-- Data to examine follows --

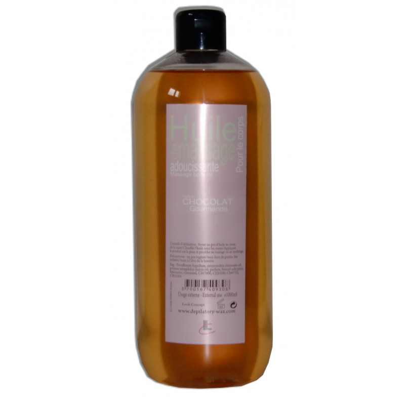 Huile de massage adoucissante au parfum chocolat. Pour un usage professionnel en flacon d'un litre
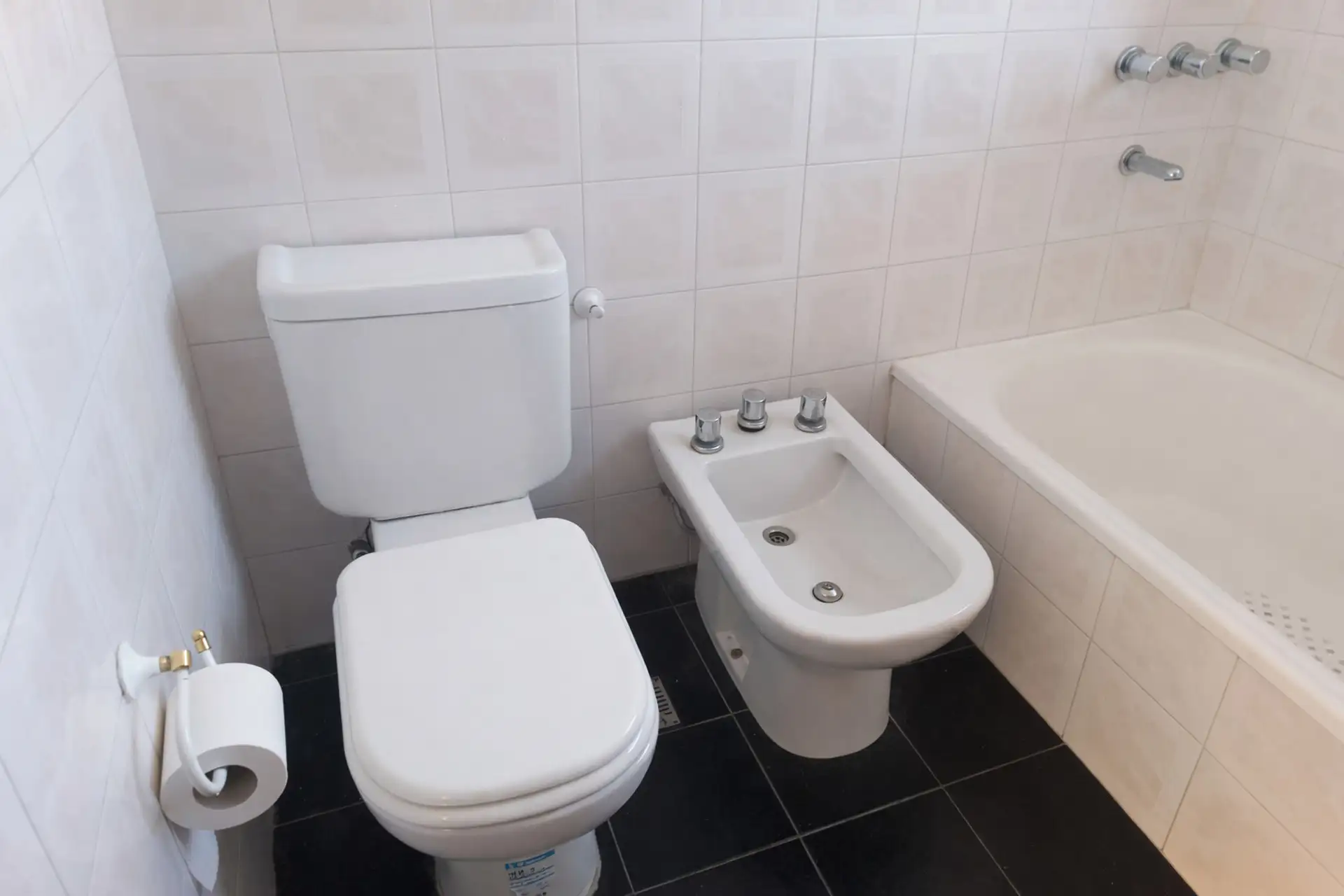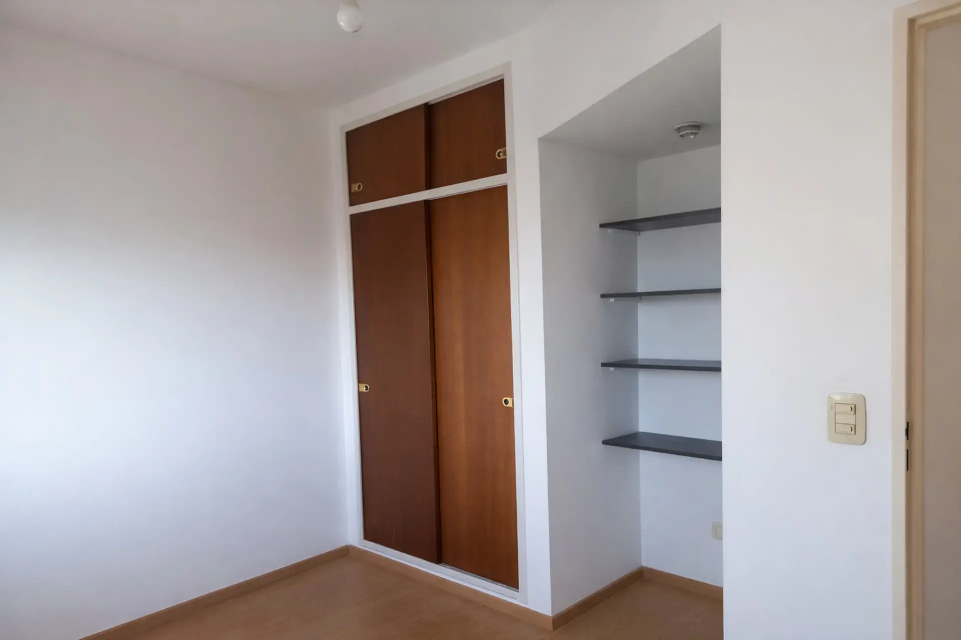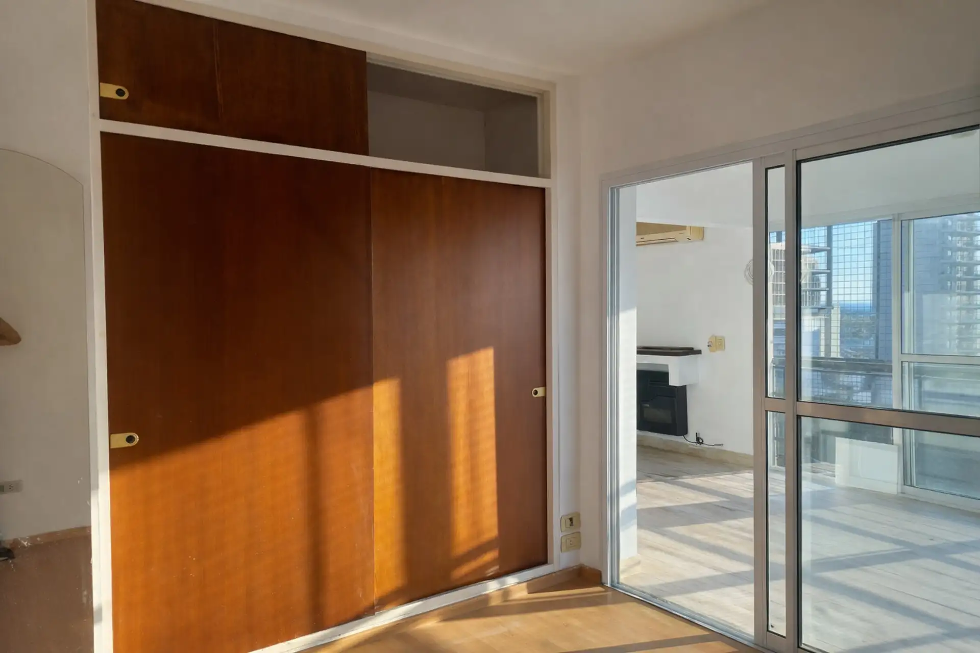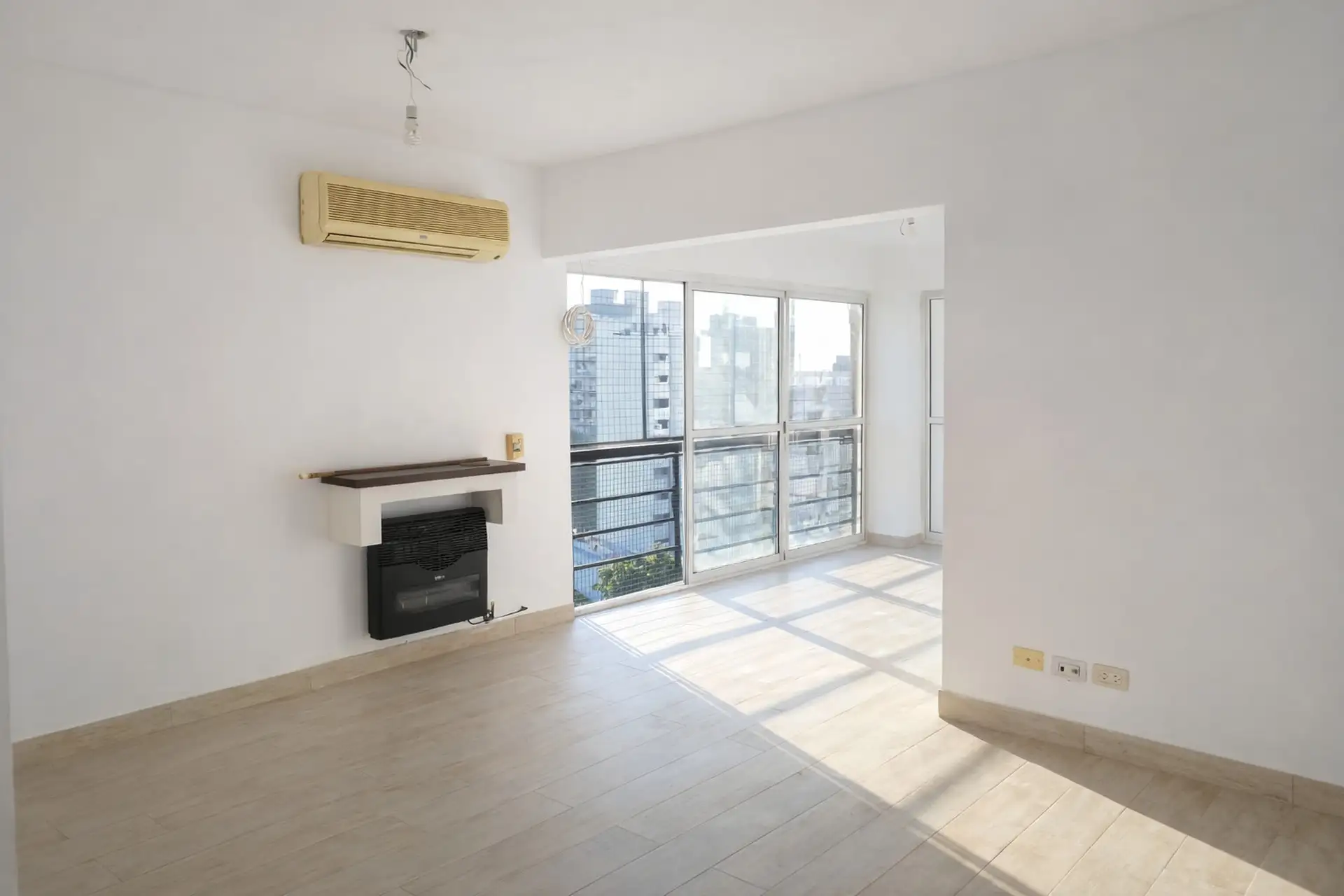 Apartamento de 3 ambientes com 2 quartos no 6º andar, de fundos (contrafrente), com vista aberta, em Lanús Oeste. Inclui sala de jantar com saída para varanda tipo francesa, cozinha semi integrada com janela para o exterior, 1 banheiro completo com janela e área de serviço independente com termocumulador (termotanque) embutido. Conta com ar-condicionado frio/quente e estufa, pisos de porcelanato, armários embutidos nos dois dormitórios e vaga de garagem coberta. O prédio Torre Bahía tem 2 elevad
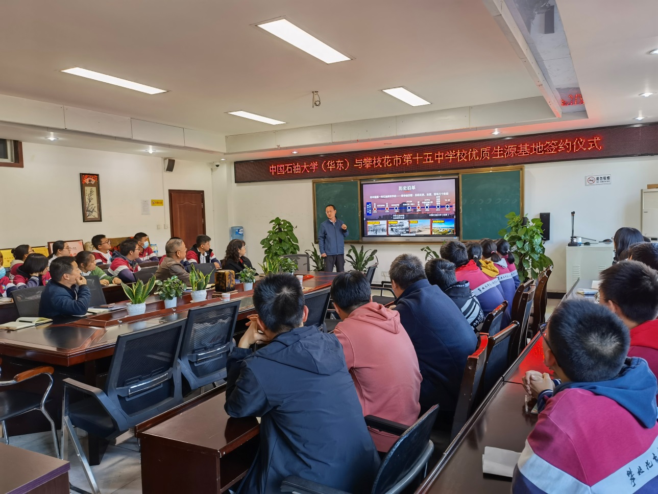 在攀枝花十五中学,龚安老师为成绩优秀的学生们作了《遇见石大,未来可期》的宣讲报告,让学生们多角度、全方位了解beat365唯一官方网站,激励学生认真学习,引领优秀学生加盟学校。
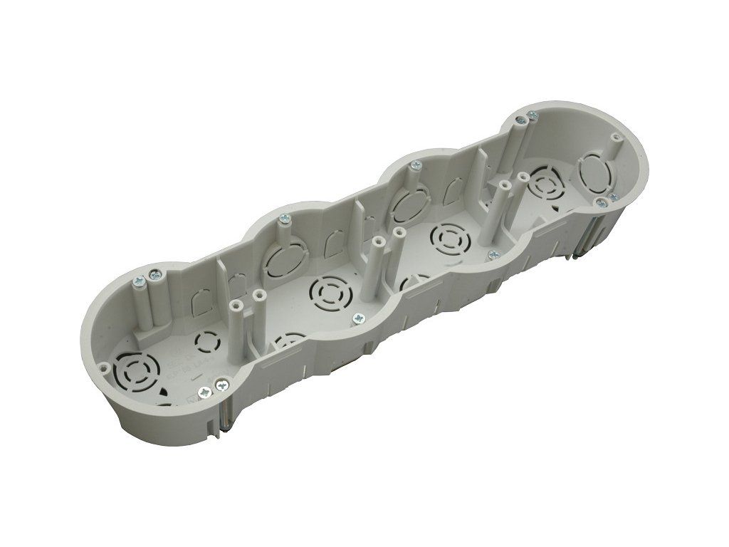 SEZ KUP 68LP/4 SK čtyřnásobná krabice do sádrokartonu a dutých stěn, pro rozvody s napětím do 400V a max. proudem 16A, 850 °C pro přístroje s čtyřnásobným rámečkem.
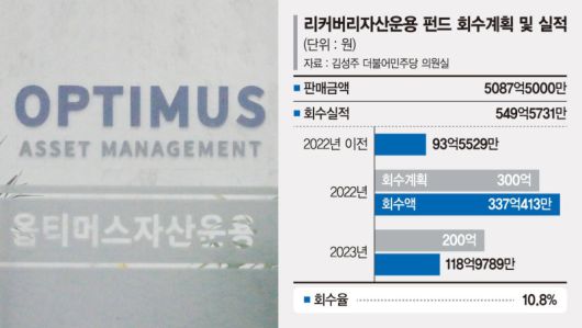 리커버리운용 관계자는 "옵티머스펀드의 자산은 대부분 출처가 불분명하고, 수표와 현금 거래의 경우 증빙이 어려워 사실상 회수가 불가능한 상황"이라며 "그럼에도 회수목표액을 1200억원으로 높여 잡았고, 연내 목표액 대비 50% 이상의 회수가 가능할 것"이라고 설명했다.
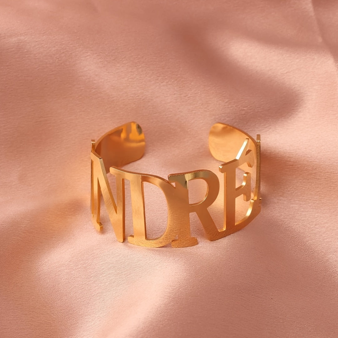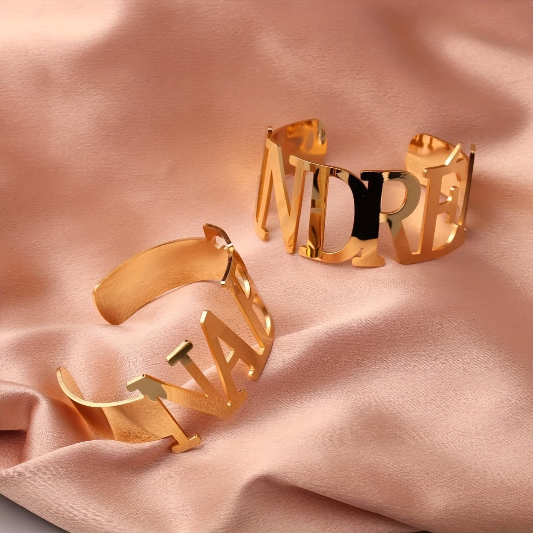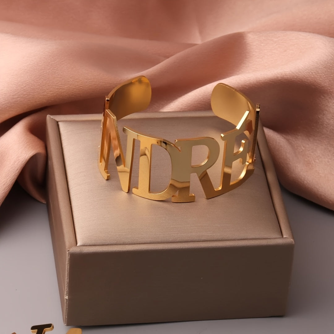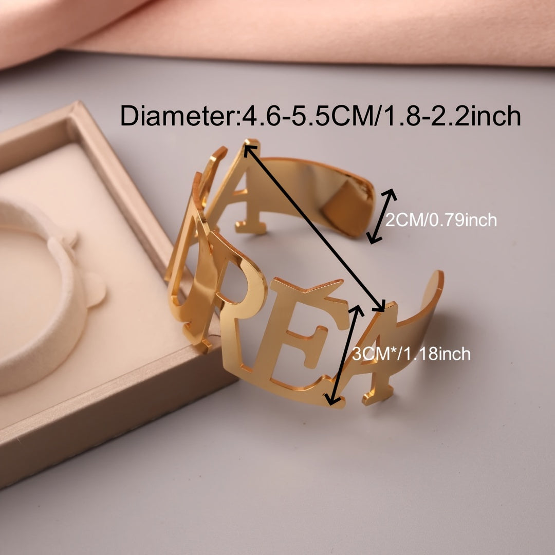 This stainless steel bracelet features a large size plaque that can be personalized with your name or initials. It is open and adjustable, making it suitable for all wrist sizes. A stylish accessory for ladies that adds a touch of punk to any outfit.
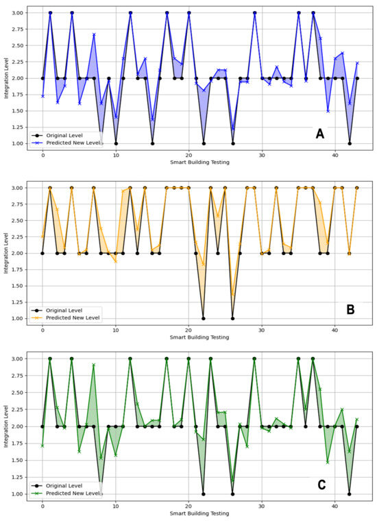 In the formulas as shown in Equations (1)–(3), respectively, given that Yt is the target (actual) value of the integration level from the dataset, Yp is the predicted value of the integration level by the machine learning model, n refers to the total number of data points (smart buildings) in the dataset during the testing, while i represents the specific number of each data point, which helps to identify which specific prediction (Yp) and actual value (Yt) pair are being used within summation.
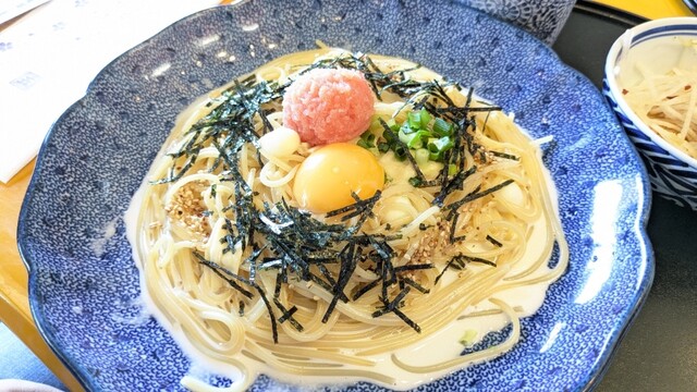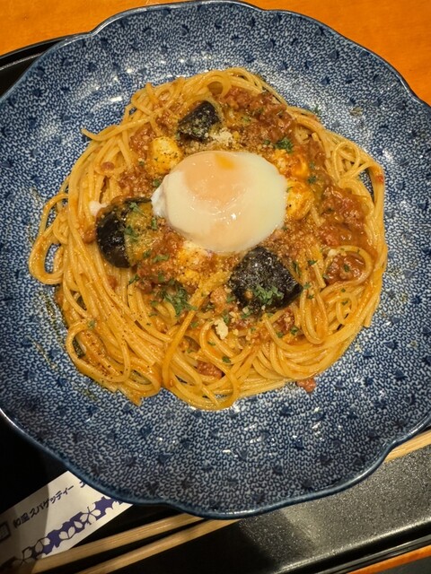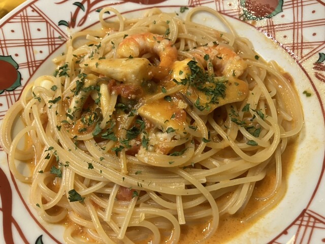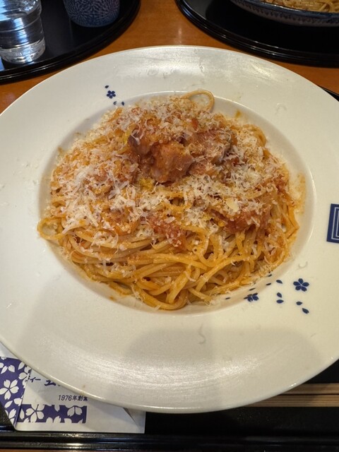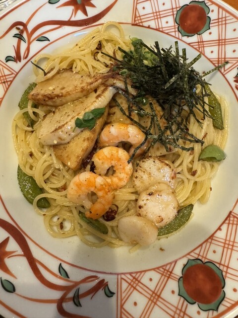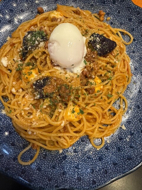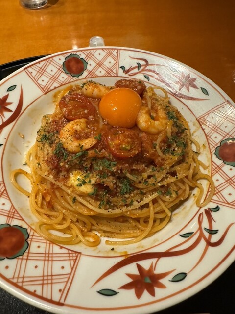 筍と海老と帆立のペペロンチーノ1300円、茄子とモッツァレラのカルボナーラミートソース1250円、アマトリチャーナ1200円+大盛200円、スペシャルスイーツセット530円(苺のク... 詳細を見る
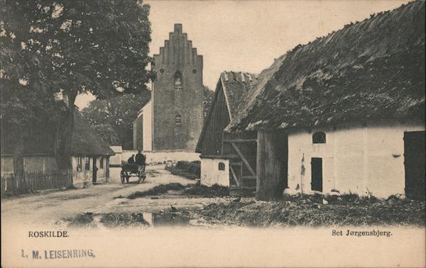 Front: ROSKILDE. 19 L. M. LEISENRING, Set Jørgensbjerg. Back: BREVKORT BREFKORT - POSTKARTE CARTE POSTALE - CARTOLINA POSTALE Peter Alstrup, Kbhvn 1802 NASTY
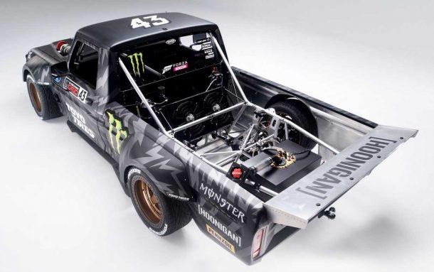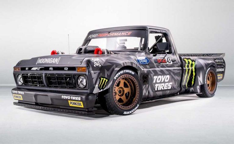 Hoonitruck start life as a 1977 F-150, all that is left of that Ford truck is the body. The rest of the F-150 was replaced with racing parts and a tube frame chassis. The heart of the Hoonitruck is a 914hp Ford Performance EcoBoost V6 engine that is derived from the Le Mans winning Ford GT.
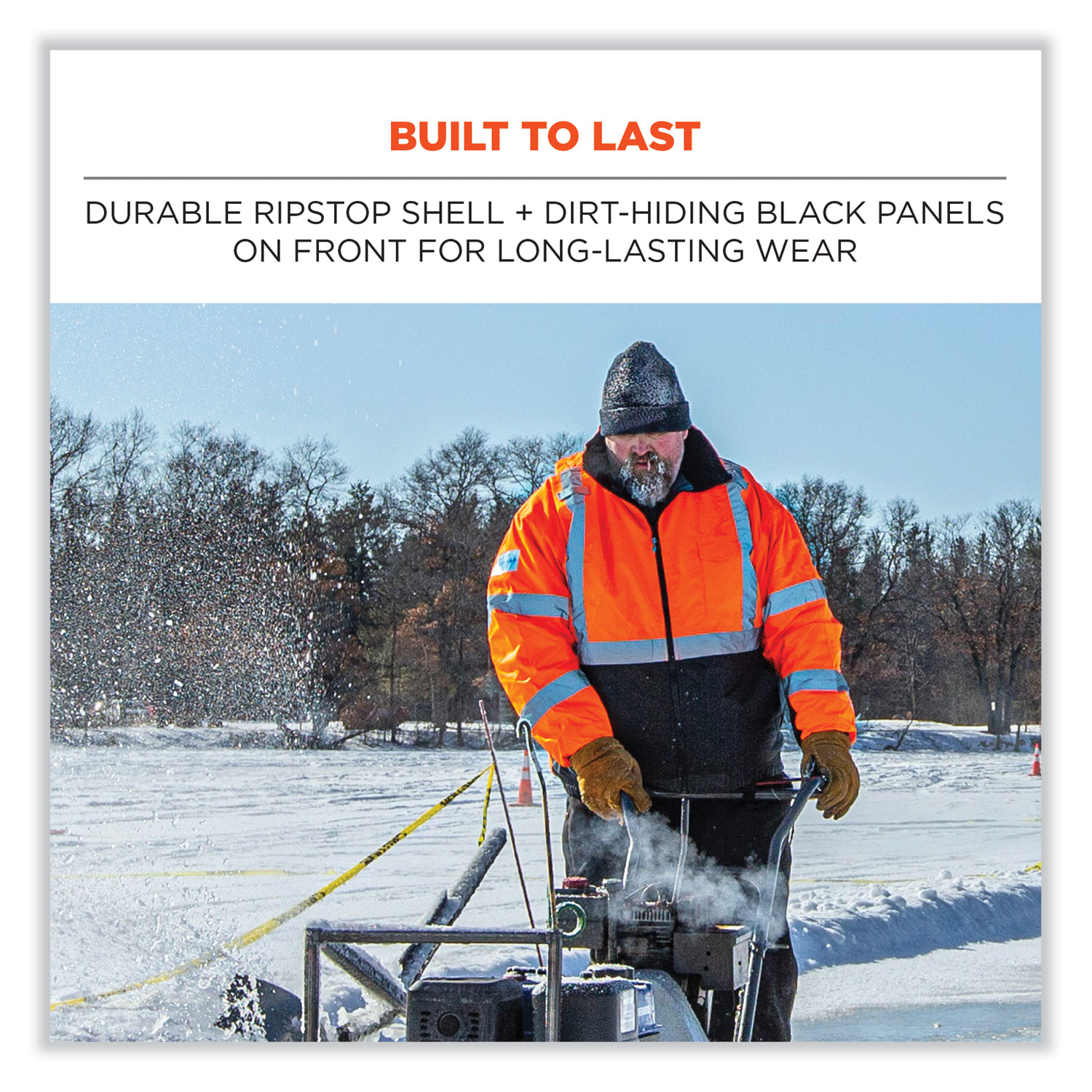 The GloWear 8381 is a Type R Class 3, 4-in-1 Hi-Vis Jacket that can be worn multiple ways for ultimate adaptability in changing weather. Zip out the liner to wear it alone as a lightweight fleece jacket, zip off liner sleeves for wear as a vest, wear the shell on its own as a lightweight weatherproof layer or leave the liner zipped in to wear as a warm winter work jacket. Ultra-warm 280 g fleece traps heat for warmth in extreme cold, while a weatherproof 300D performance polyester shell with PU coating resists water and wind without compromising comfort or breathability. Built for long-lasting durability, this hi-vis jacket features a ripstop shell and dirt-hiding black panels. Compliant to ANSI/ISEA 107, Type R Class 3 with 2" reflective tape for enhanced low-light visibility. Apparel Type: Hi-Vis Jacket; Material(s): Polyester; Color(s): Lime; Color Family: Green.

-- Data to examine concluded --

■ What the task requires
The required result is the entries above, printed exactly from the first line through the line with "This stainless steel", pictures excluded.

■ Output below
 Huile de massage adoucissante au parfum chocolat. Pour un usage professionnel en flacon d'un litre
 Apartamento de 3 ambientes com 2 quartos no 6º andar, de fundos (contrafrente), com vista aberta, em Lanús Oeste. Inclui sala de jantar com saída para varanda tipo francesa, cozinha semi integrada com janela para o exterior, 1 banheiro completo com janela e área de serviço independente com termocumulador (termotanque) embutido. Conta com ar-condicionado frio/quente e estufa, pisos de porcelanato, armários embutidos nos dois dormitórios e vaga de garagem coberta. O prédio Torre Bahía tem 2 elevad
 在攀枝花十五中学,龚安老师为成绩优秀的学生们作了《遇见石大,未来可期》的宣讲报告,让学生们多角度、全方位了解beat365唯一官方网站,激励学生认真学习,引领优秀学生加盟学校。
 SEZ KUP 68LP/4 SK čtyřnásobná krabice do sádrokartonu a dutých stěn, pro rozvody s napětím do 400V a max. proudem 16A, 850 °C pro přístroje s čtyřnásobným rámečkem.
 리커버리운용 관계자는 "옵티머스펀드의 자산은 대부분 출처가 불분명하고, 수표와 현금 거래의 경우 증빙이 어려워 사실상 회수가 불가능한 상황"이라며 "그럼에도 회수목표액을 1200억원으로 높여 잡았고, 연내 목표액 대비 50% 이상의 회수가 가능할 것"이라고 설명했다.
 This stainless steel bracelet features a large size plaque that can be personalized with your name or initials. It is open and adjustable, making it suitable for all wrist sizes. A stylish accessory for ladies that adds a touch of punk to any outfit.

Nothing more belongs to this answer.